2b/ MathLink functions inside LibraryLink, importing a list of Integers (I don't repeat the #include and standard DLL)
static long sumListIntImpl(int *array, long len) {
int i;
long sum;
sum = 0;
for(i=0; i<len; i++) {
sum += array[i];
}
return sum;
}
//Code
DLLEXPORT int sumListInt(WolframLibraryData libData, MLINK mlp)
{
int *array;
long sum, len, c;
if (!MLCheckFunction(mlp, "List", &len))
goto retPt;
if (len != 1)
goto retPt;
if (!MLCheckFunction(mlp, "List", &len))
goto retPt;
if (len <= 0)
goto retPt;
array = (int*) calloc(len, sizeof(int));
for(c=0; c<len; c++) {
if (!MLGetInteger32(mlp, &(array[c])))
goto retPt;
}
if (!MLNewPacket(mlp))
goto retPt;
sum = sumListIntImpl(array, len);
if (!MLPutInteger64(mlp,sum))
goto retPt;
return LIBRARY_NO_ERROR;
retPt:
return LIBRARY_FUNCTION_ERROR;
}
To build and call
lib3 = CreateLibrary[src3, "addInt", "Debug" -> True]
sum3 = LibraryFunctionLoad[lib3, "sumListInt", LinkObject, LinkObject]
Note: If you want to call your function with sum3[{1,3,7}], you need 2 "List" (my case), if you want to call sum3[1,3,7], you need only 1 "List".
2c/ the problematic case, ie the standard LibraryLink framework without the MathLink functions
static int multImpl(int i, int j) {
return i*j;
}
DLLEXPORT int mult(WolframLibraryData libData, mint Argc, MArgument *Args, MArgument Res) {
mint I0, I1, I2;
long I3, I4;
//int I3, I4;
I0 = MArgument_getInteger(Args[0]);
I1 = MArgument_getInteger(Args[1]);
I3 = I0+2147483647;
if(I3<0) {I4 = 0;} else {I4 = I3-2147483647;}
I0 = I4;
I2 = multImpl(I0, I1);
MArgument_setInteger(Res, I2);
return LIBRARY_NO_ERROR;
}
To build and call
lib1 = CreateLibrary[src1, "mult", "Debug" -> True]
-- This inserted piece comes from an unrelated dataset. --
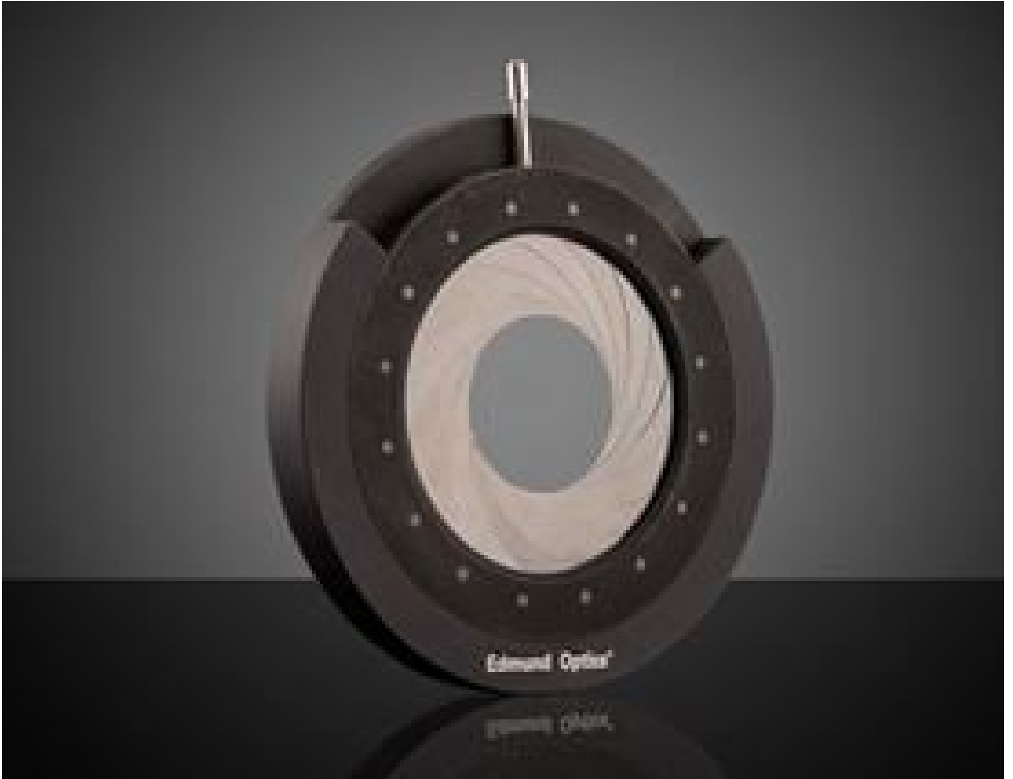
86mm Outer Diameter, Mounted Iris Diaphragm, #53-917

mult1 = LibraryFunctionLoad[lib1, "mult", {Integer, Integer}, Integer]
Note: Here, as expected the MArgument_set/get* functions do now allow to pass large integers (>2^31-1). But I would have expected that locally, I could have declared long integers and been able to run calculations involving large integers, but the function above returns zero whether I declare I3 and I4 as long or int.
Conclusion:
To put it short, in my own (short) experience with Mathematica, when dealing with MathLink and/or LibraryLink, when in doubt go manual (ie use MathLink functions with explicit types, a bit verbose but precise) to pass around the parameters, or stay strictly within the boundaries documented (ie MArgument_* functions and mint/double/mcomplex/etc types for LibraryLink, and Integer/Real/IntegerList/RealList/etc predefined argument types for MathLink).